Pourquoi le sujet de l'eau ?

Le projet de ce documentaire date de 2003. A l'époque, le réalisateur Udo Maurer tourne un documentaire aux Philippines, et se retrouve confronté à un problème lié à l'eau. Comme à chaque fois qu'il voyage, le documentariste a le temps pour penser, et c'est là, sur un bateau, qu'il a l'idée de faire quelque chose de substantiel autour de l'eau. Il souhaite montrer comment, dans le Tiers-Monde, des hommes doivent gérer au quotidien des problèmes liées à cette ressource ô combien vitale, auxquels nous ne pensons pas.

 

Un voyage inédit

Le réalisateur, en sa qualité de documentariste, a eu l'opportunité de beaucoup voyager. Mais pour ce film, afin d'être impartial, il choisit de se rendre dans des lieux où il n'est jamais allé. Dans sa recherche, il tombe sur la mer d'Aral.
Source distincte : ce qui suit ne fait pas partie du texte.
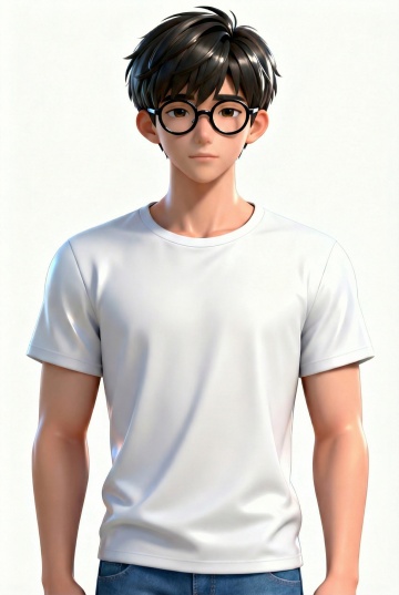 一位年轻男学生,戴着黑色圆框眼镜,身穿纯白色短袖T恤和蓝色牛仔裤,人物姿态端正,白色背景的3D动漫人

Tout découle alors de ce lieu, incontournable pour un film qui aborde les problèmes économiques et politiques liés à l'eau. Le choix des autres lieux de tournage est plus difficile. C'est le scénariste Michael Glawogger qui a l'idée de tourner au Bangladesh, car après avoir fait des reportages en Inde il connaît les problèmes que cette région connaît vis-à-vis de l'eau. Pour le troisième lieu de tournage, la Chine et le barrage des Trois Gorges est envisagé, mais à cause de l'incapacité à travailler librement là-bas, l'idée est abandonnée. C'est donc ensuite logiquement que l'équipe pense à l'Afrique, puisque le problème de l'eau y est vital.

 

L'eau entre surplus, pénurie et commerce

Le film est structuré en trois parties. La première, au Bangladesh aborde la question du surplus d'eau avec le problème des inondations et des crues dans ce pays très pauvre. La seconde évoque le manque d'eau avec l'assèchement de la mer d'Aral au Kazakhstan. La troisième, enfin, a pour sujet le pouvoir, puisqu'à Nairobi l'eau devient un élément de puissance. Pour le réalisateur, « la question principale qui assure le lien (la structure) du film est la suivante : «Est-ce que chaque homme a droit à l'eau sur Terre ou est-ce un bien de consommation ?» De grandes entreprises traitent l'eau comme une marchandise alors que les ONG la distribuent, car elles estiment que c'est un droit dévolu à chaque être. Nous auront la réponse à cette question fondamentale dans une dizaine d'années ».

 

No comment

Afin de laisser s'exprimer les protagonistes montrés dans ce documentaire, pour qu'ils puissent raconter leur histoire, Udo Maurer fait le choix de ne pas faire de commentaires dans le film. Ainsi, il n'y a pas de voix off et très peu de texte.

 

Une équipe à géométrie variable

Pour le tournage, le réalisateur fait appel à une grosse équipe au Kazakhstan, et travaille sur place avec des gens très compétents. Mais il ne peut pas utiliser les mêmes méthodes au Bangladesh. Par exemple, alors qu'il filme avec son équipe dans une rizière, dans de bonnes conditions, ils se retrouvent soudain encerclés par 250 personnes. Udo Maurer choisit alors de réduire son équipe au minimum pour éviter de faire appel à la police, et prend lui-même la caméra, accompagné par deux techniciens, un ingénieur du son et un assistant.